Tuesday, November 20, 2007

Romney on abortion

Mitt Romney can't seem to convince pro-lifers that he really means it when he says that he's had a conversion on the abortion issue:

[Mitt Romney] ran as a strongly pro-choice Republican in 1994, when he unsuccessfully challenged Sen. Ted Kennedy in Massachusetts, and again in 2002, when he successfully ran for governor. Then, in late 2004, in the midst of a debate in the Massachusetts legislature over stem-cell research, he changed his mind on abortion, and later, in 2005, wrote an op-ed in the Boston Globe explaining that he is now pro-life. Since those changes occurred so recently, and since they came at the same time Romney was beginning to explore a run for president — his political action committee, Commonwealth PAC, was formed in July 2004, a few months before his stem-cell decision — a number of pro-life voters view his conversion with some suspicion.

Count me in with the doubters. Abortion really isn't that hard of an issue to understand. Either the fetus is a human person, which means that killing one is murder; or the fetus isn't a human person--one wonders what else it may be--which means that killing one is utterly inconsequential, and abortion no more tragic than swatting a mosquito; or else one doesn't know, which means it's tremendously imprudent to kill that which has its personhood in limbo.

Romney's move appears to be one of sheer political expediency. As one who supports principled candidates, this attempt at political pragmaticism is revolting. We pro-lifers are going to have enough trouble getting Roe v. Wade overturned without nominating candidates who are, at best, not bothered by the abortion holocaust.

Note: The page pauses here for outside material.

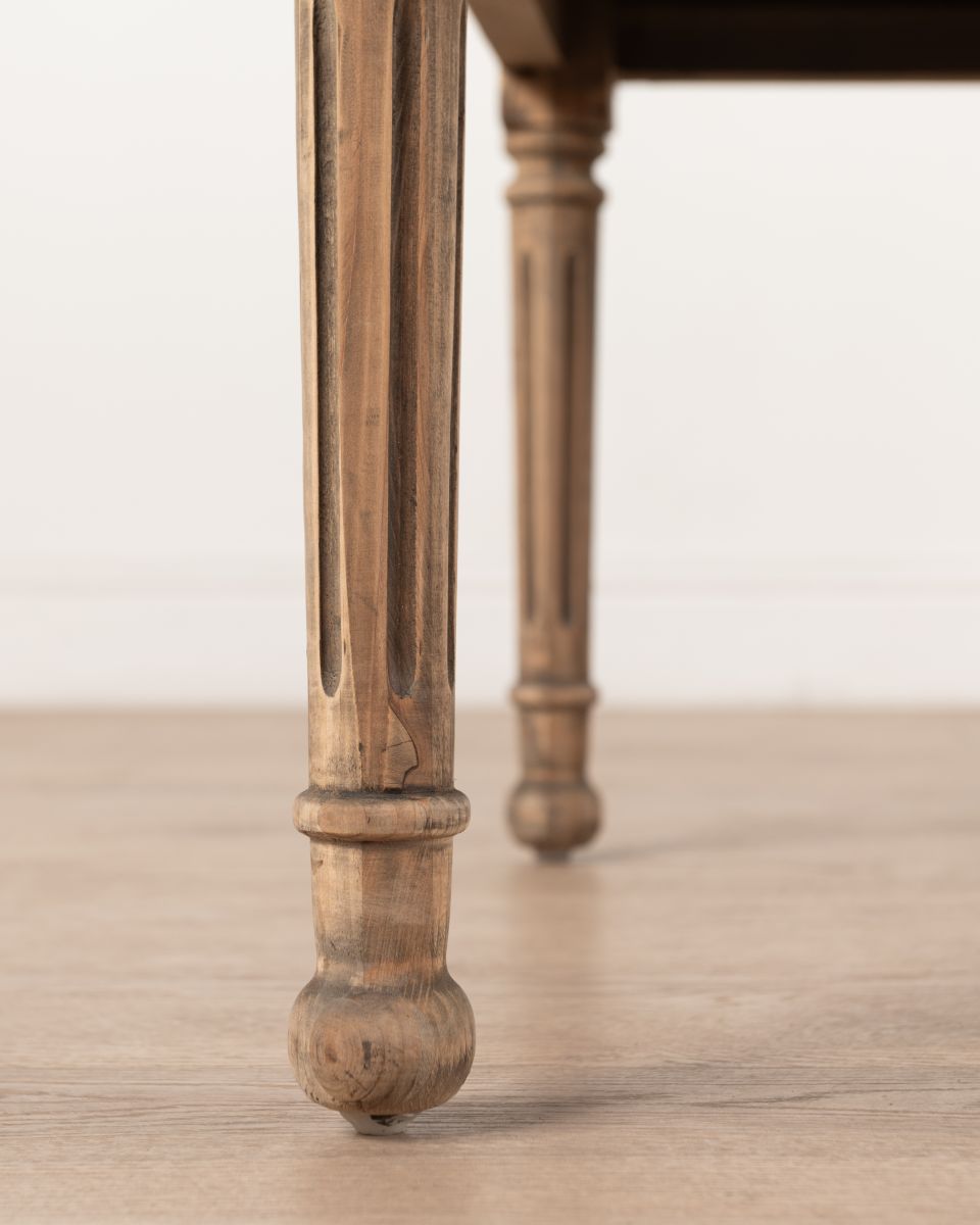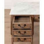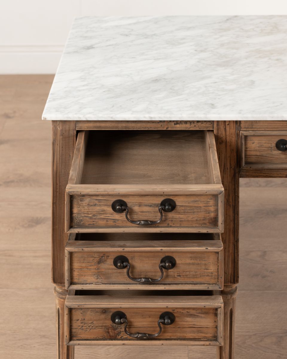 The Saint-Louis desk from the Château Collection features a white marble top and an aged pine finish for a perfect balance of luxury and rustic charm. Carved detailing and classic drawer handles enhance its timeless appeal, making it ideal as a desk or dressing table.

But suppose we take Romney at his word, though, just why we would do that with a politician is beyond me. What if the conversion is genuine? If it is, this bespeaks an intellectual and philosophical sluggishness. What does it say about a man who waits until he is over fifty years old to take a serious look at abortion? Was he really so busy running Massachusetts that he couldn't take the time to read up on one of the most important issues of the day? Forget, for a moment, that he was a governor. Any citizen who waits until after fifty to examine an issue of this nature is immediately suspect.

Romney is either a political hack who will say anything to get elected, or he is a lazy coward, too unconcerned to study important issues and then take a convicted stand on them. In many respects, the latter is tantamount to the former. Romney, like most of the other candidates, is plainly unworthy to lead.